I love the song How To Be A Heartbreaker by Marina and the Diamonds. Lyrics like ‘Rule number 1, is that you gotta have fun, but baby when you’re done, you gotta be the first to run’ remind me of the teenage version of myself as it related to boys. Though, I didn’t do any of this ‘heartbreaking’ for the right reasons.
I always felt that boys would hurt me, that all they wanted was sex and after they’d leave. For me, to love any of them meant to hurt. I figured if my dad didn’t love me, why would any other male, and for years this kept me on a winding, loveless and often lonely path. Don’t get me wrong, I don’t blame my father for my choices, but living with the alternative, allowed me to see the value of having an attentive, loving father.
Rule 1: Watch them fall & step out of the way.
Rule 2: Don’t fall for anyone.
Rule 3: Always leave first.
Sure I liked people, but love was a different story. I’d listen to accounts from girlfriends at the time about guys they dated, or were in relationships with and couldn’t really contribute, because I was the one who wasn’t calling, I was the one who was ‘playing the field’, I was the one who was being torn apart inside.

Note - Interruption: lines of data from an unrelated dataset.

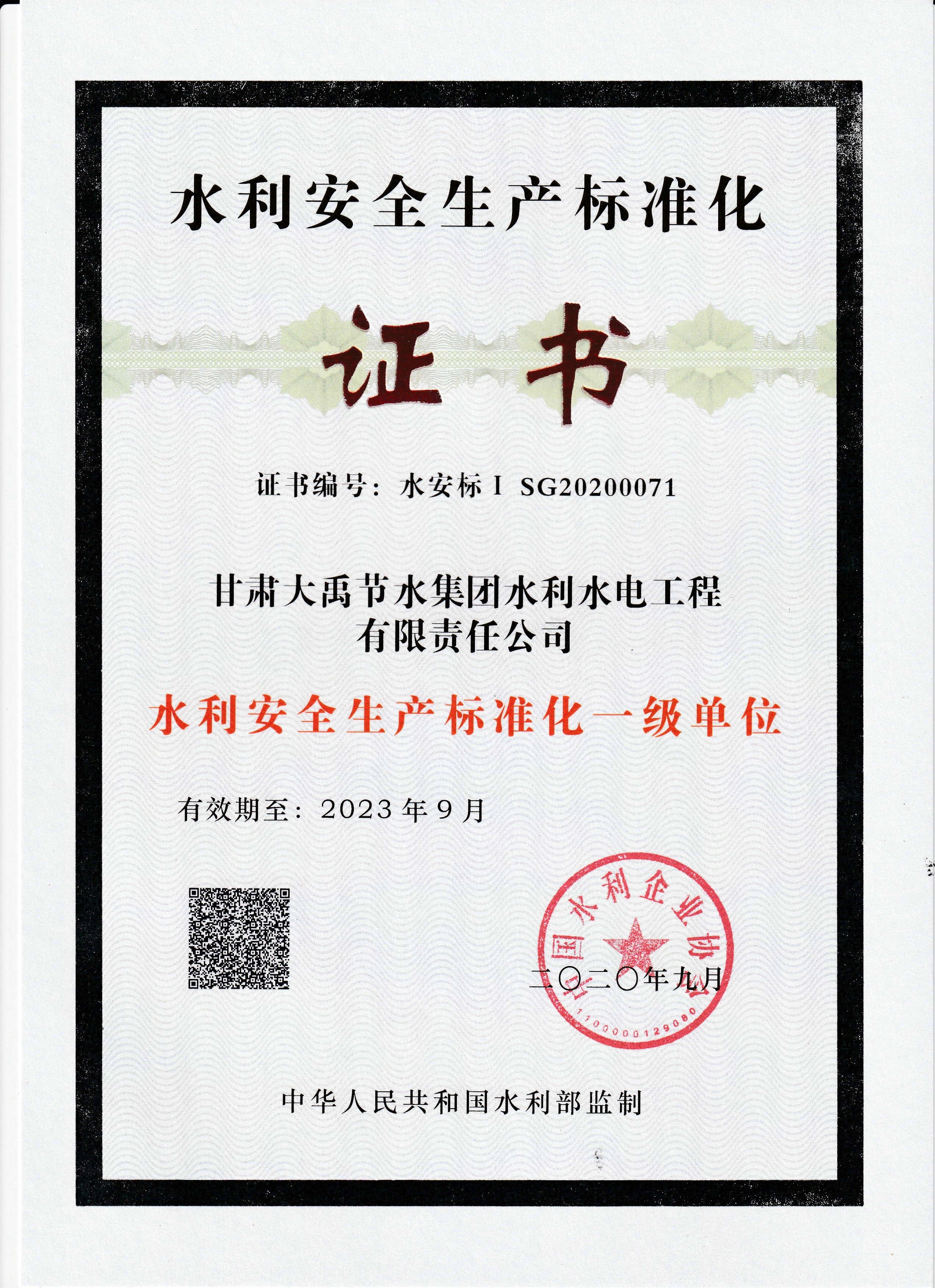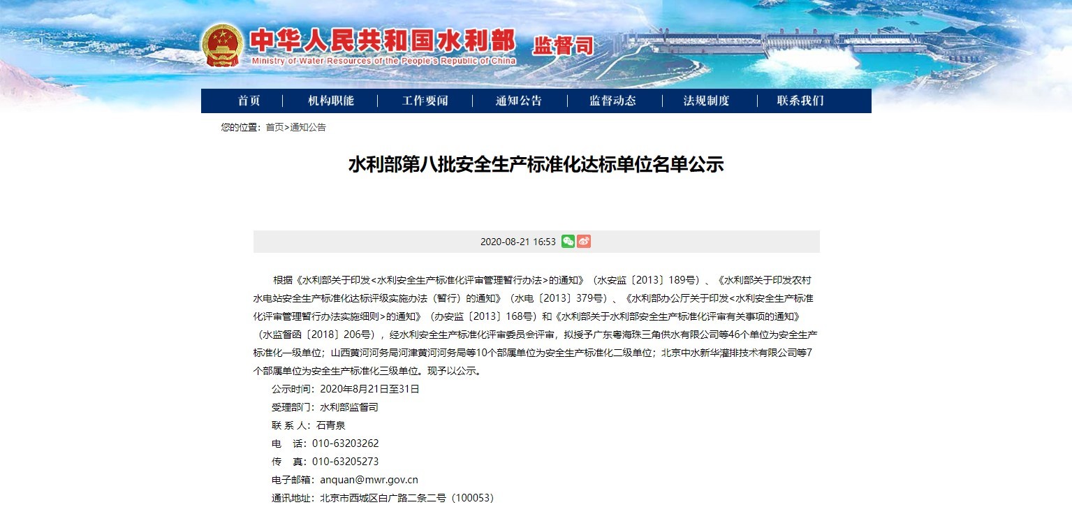 2020年08月21日,,,,,,,国家水利部官网宣布了第八批清静生产标准化达标单位公示名单,,,,,,,云顶国际vip.888节水集团水利水电工程有限责任公司被授予“水利清静生产标准化一级单位”称呼,,,,,,,是水利施工行业清静生产标准化最高品级。。。。。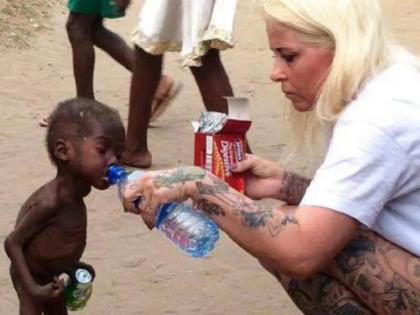 नायजेरियातील कुपोषित बालकाला पाणी देणारी समाजसेविका, माणुसकीचे उत्तम उदाहरण!
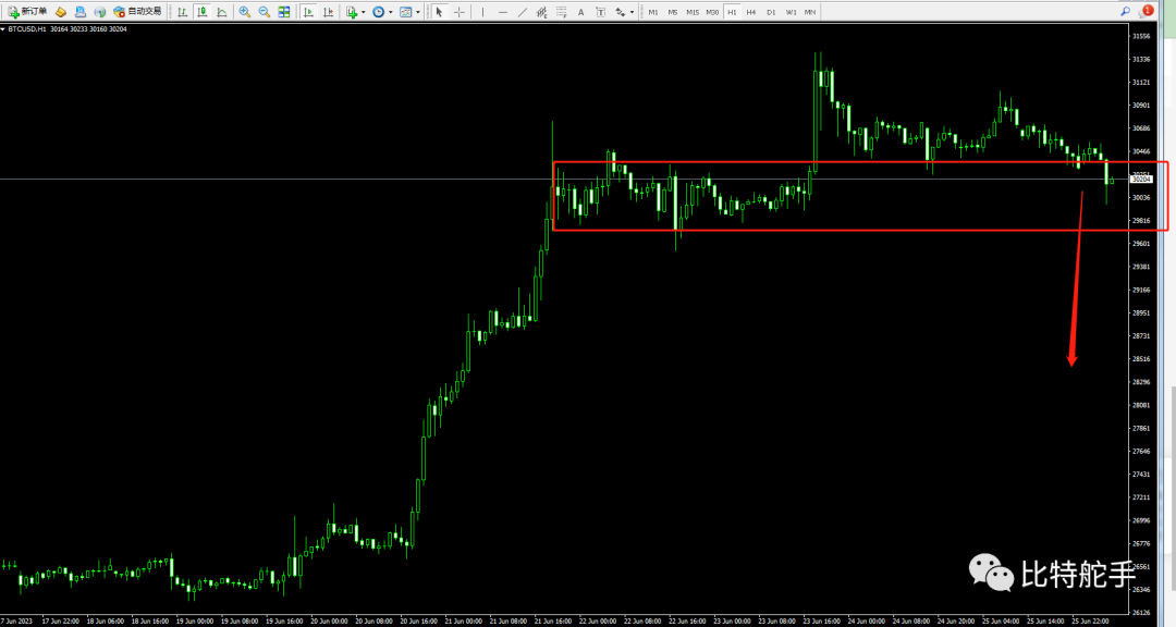 周末2个交易日价格都在一个单边慢跌之中,从我们前面提示在31000之上止盈27000以下所有抄底多单以来,价格几乎从我们反手的最高价格31222一路慢跌。如图小时图。目前价格是有破位最后一次加速拉涨大阳线的起涨价格的。现价30200,短线价格来到了最后一次加速上涨的横盘交易密集区。也就是图中框框内。这里料将还有短暂的墨迹。但是墨迹不墨迹这个不是关键,关键点是短线后市还有继续的下跌。早盘朋友们问的最多的都是,需要止盈吗?需要吗?需要么?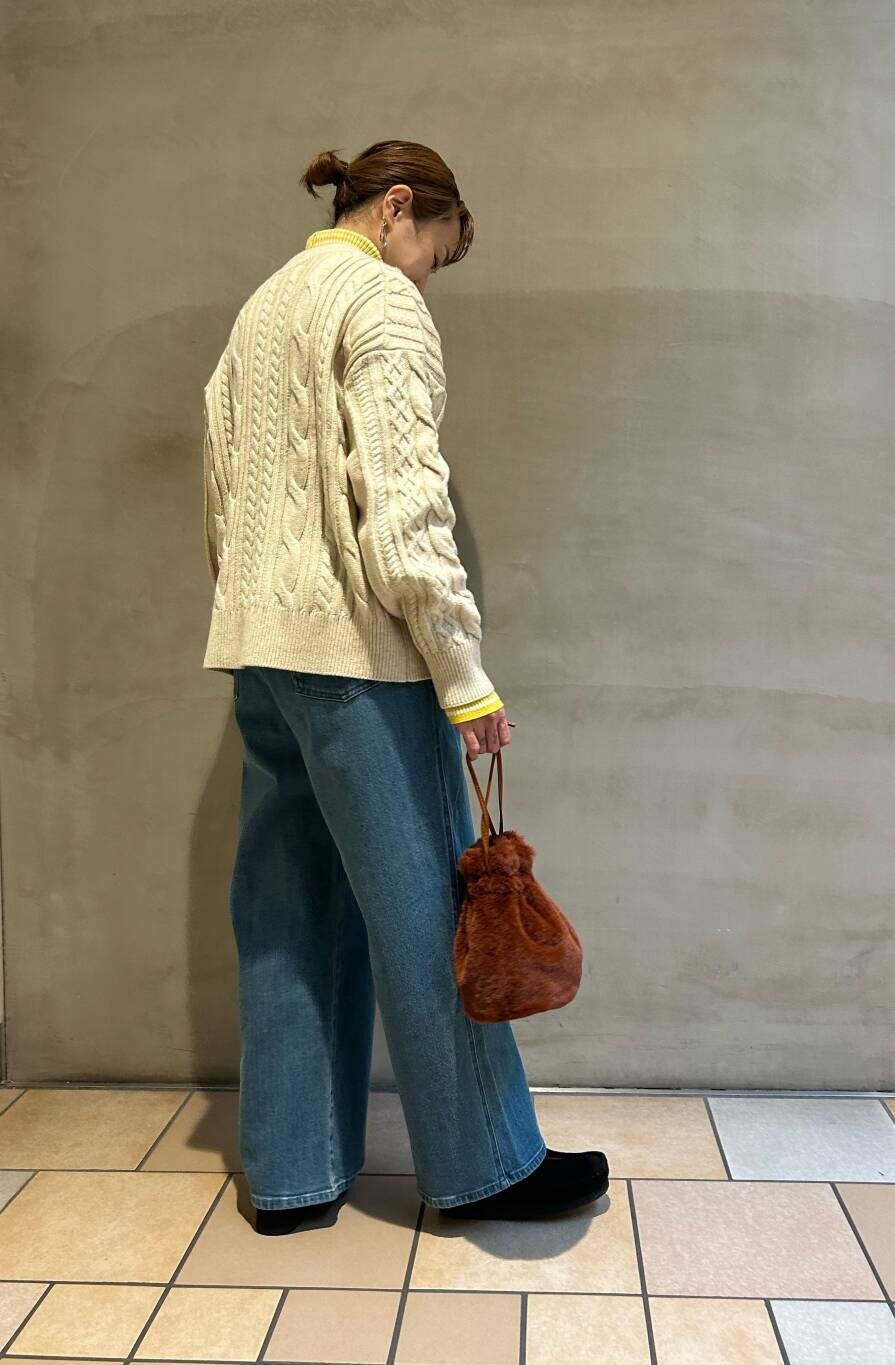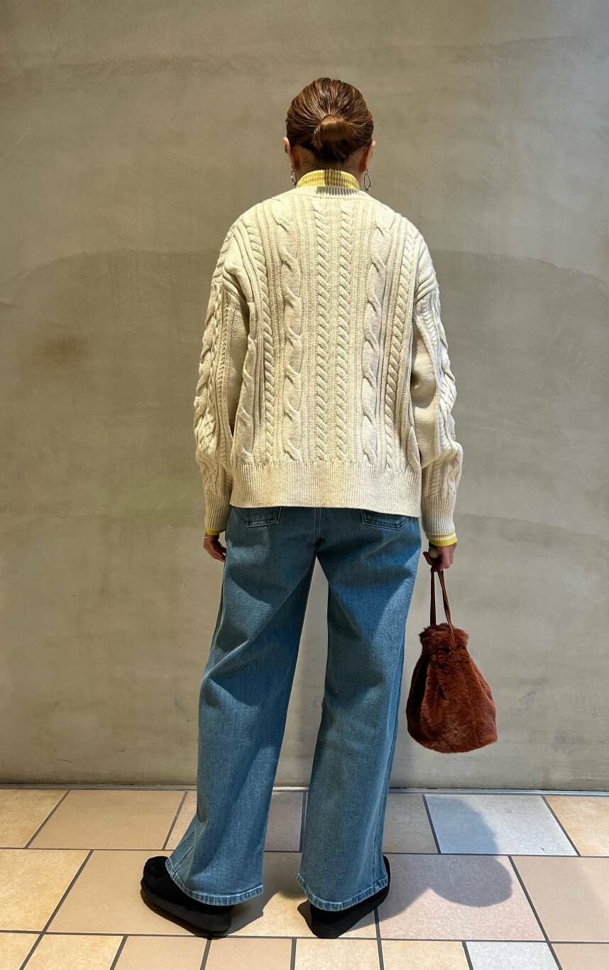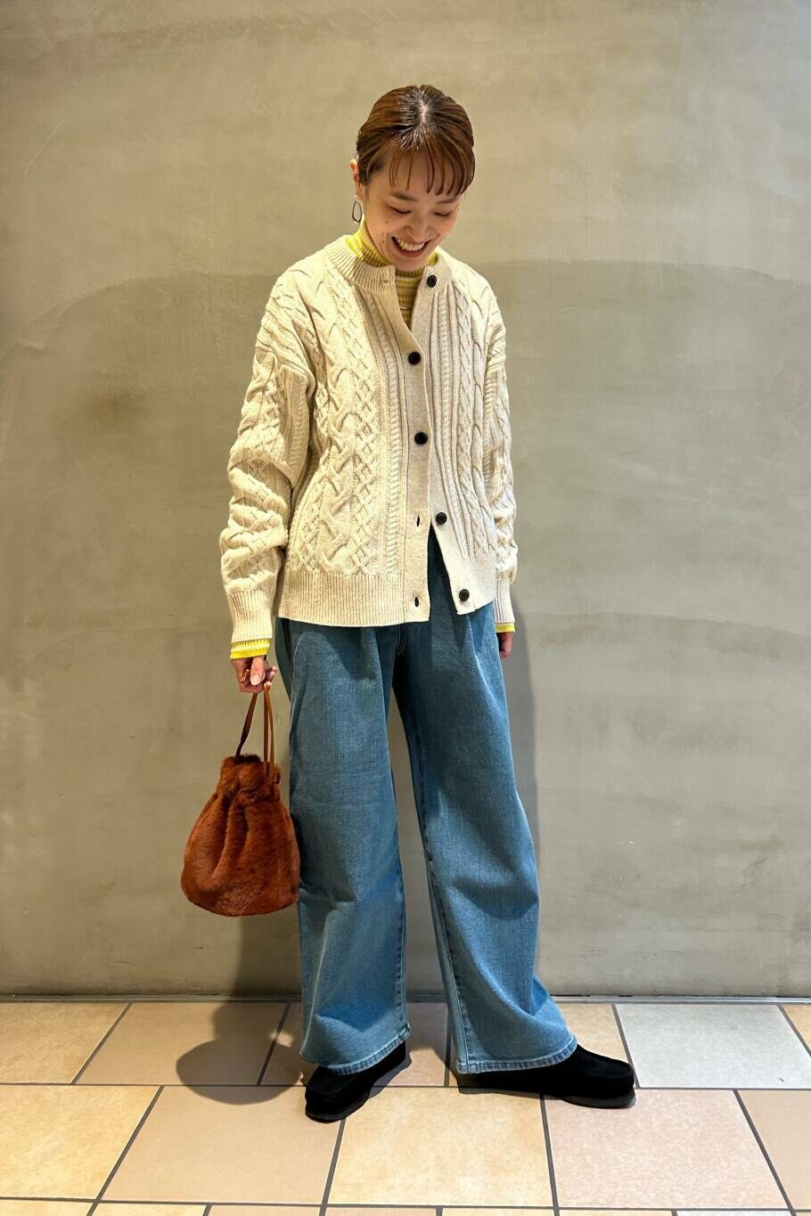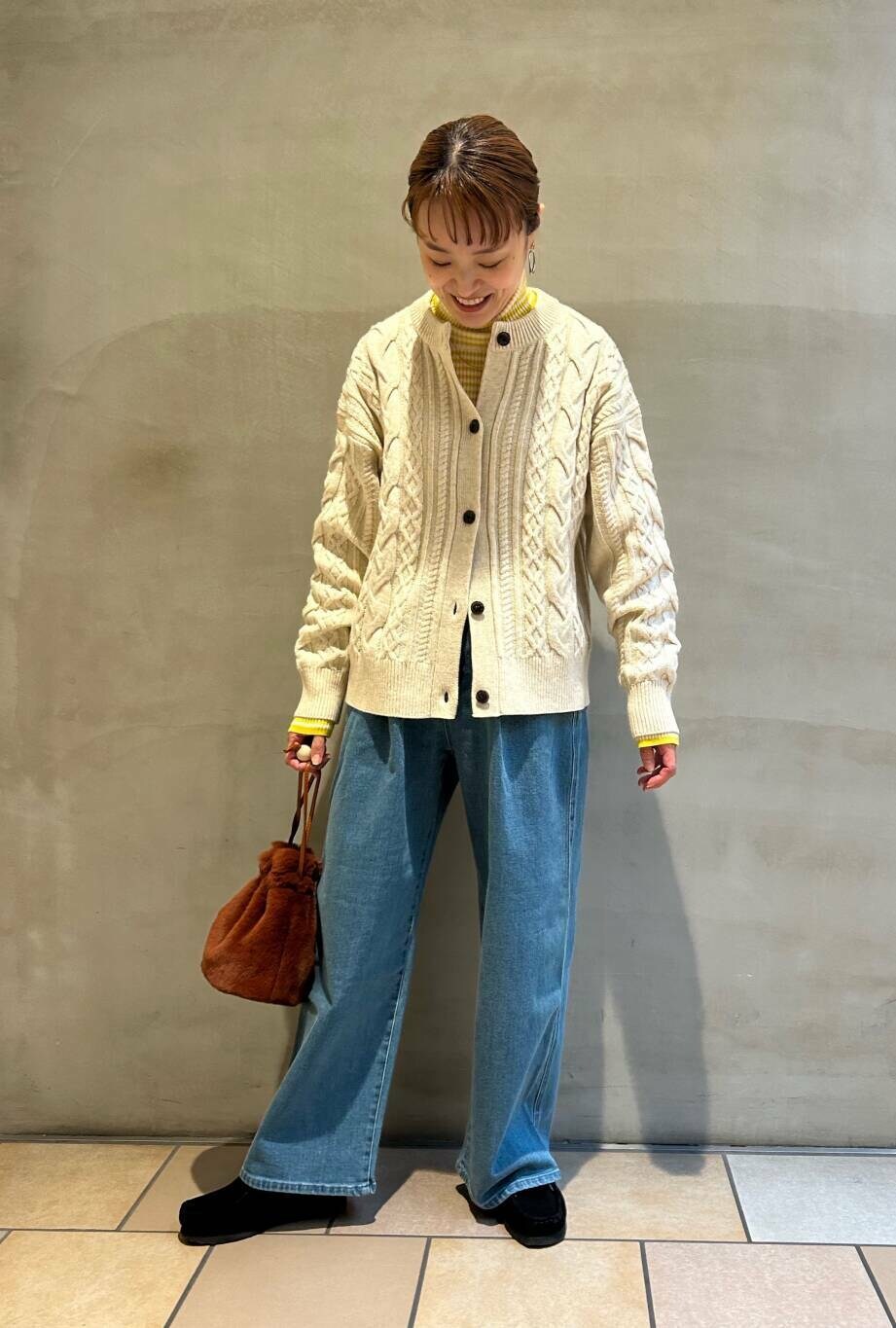 アラン柄のカーディガン、存在感もあり、色々と着回し出来てコーデの主役になってくれます。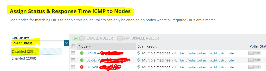 Please see the below snapshot, i have some doubt in it. It' regarding the poller of ICMP nodes. My doubt on disable (20) and i have few questions on it as mentioned below.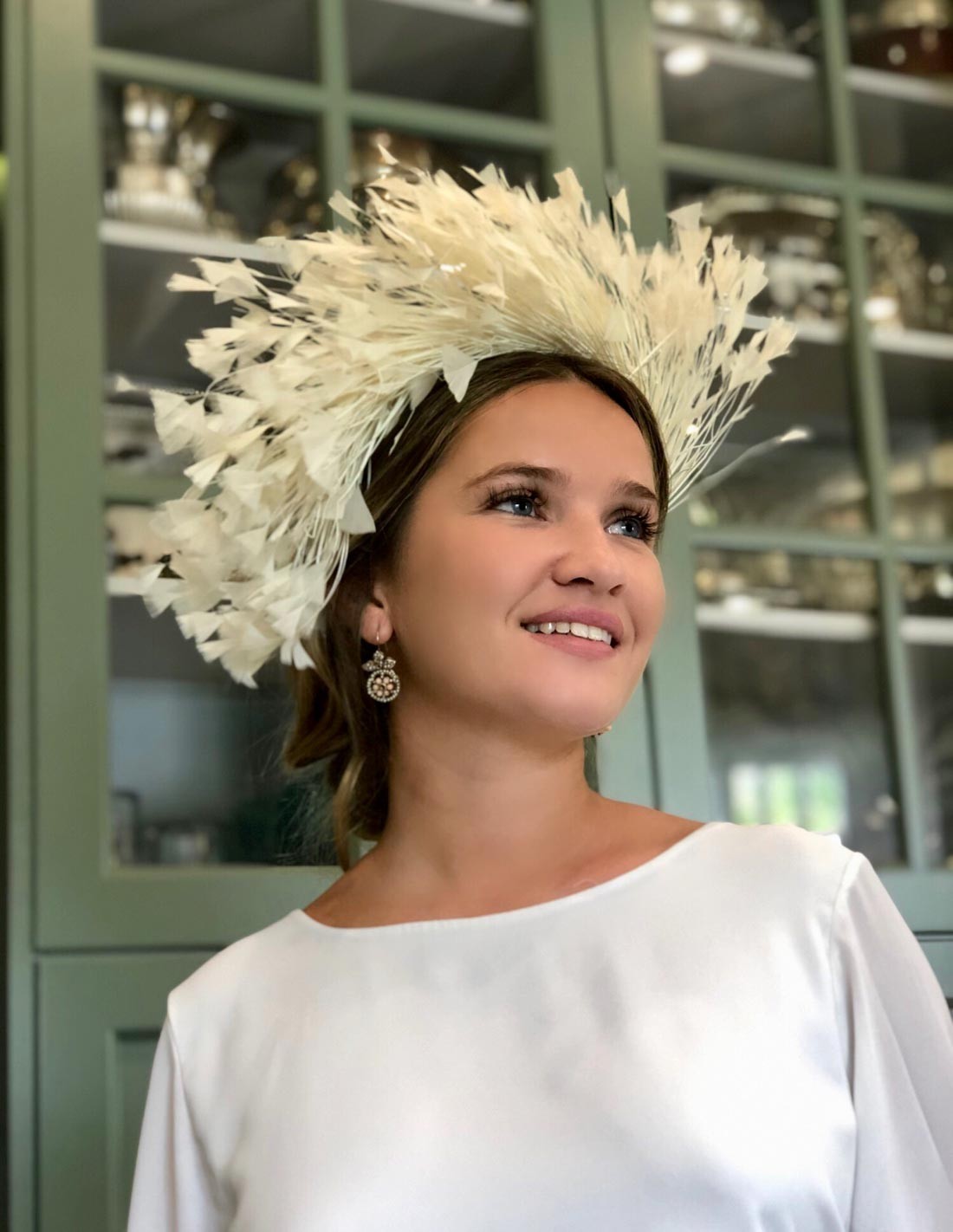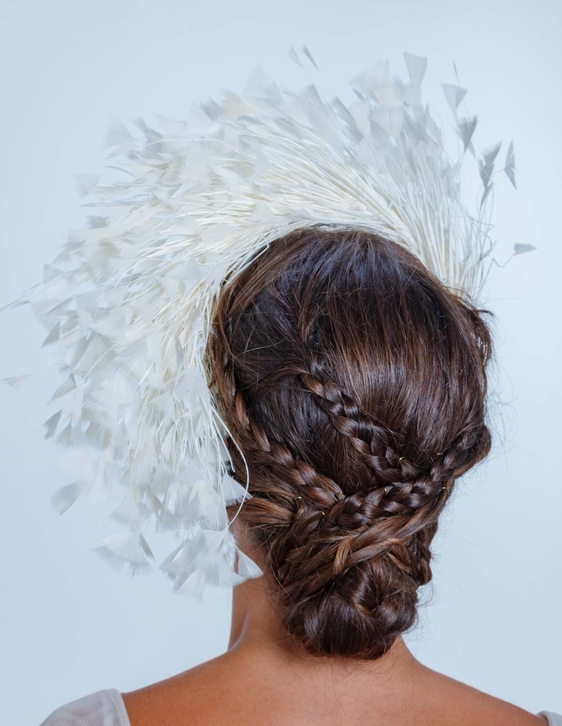 Tocado de novia con plumas naturales.

There was a big problem with this seemingly foolproof logic of mine, though maybe if I was doing all these things because I genuinely wanted to, or felt they were right, it would have been okay. But, I was walking away because I felt if I didn’t, I’d regret it. To me, giving in was one of the biggest mistakes I could make at that time in my life. The thing was though, all this pseudo-protection got me nowhere, as I was constantly hurt and badly. Every time I was negatively labelled, each time I was proven right about a guy’s real intentions, every time I told myself it was all okay because, ‘who would love me anyway’?
I didn’t share these hurts with others and kept them bottled, wearing fake confidence instead. Going cold when necessary and numb to the words that after a while, started to define me. This wasn’t a good time in my life, and it showed.
As karma would have it Ironically, the first time I fell in love, really in love, my heart didn’t just get broken, it got crushed into the dirt. The third time though, well, that was way better.
What I learnt:
1) How to get past some of my daddy issues.
2) Being in love can be a pretty amazing feeling.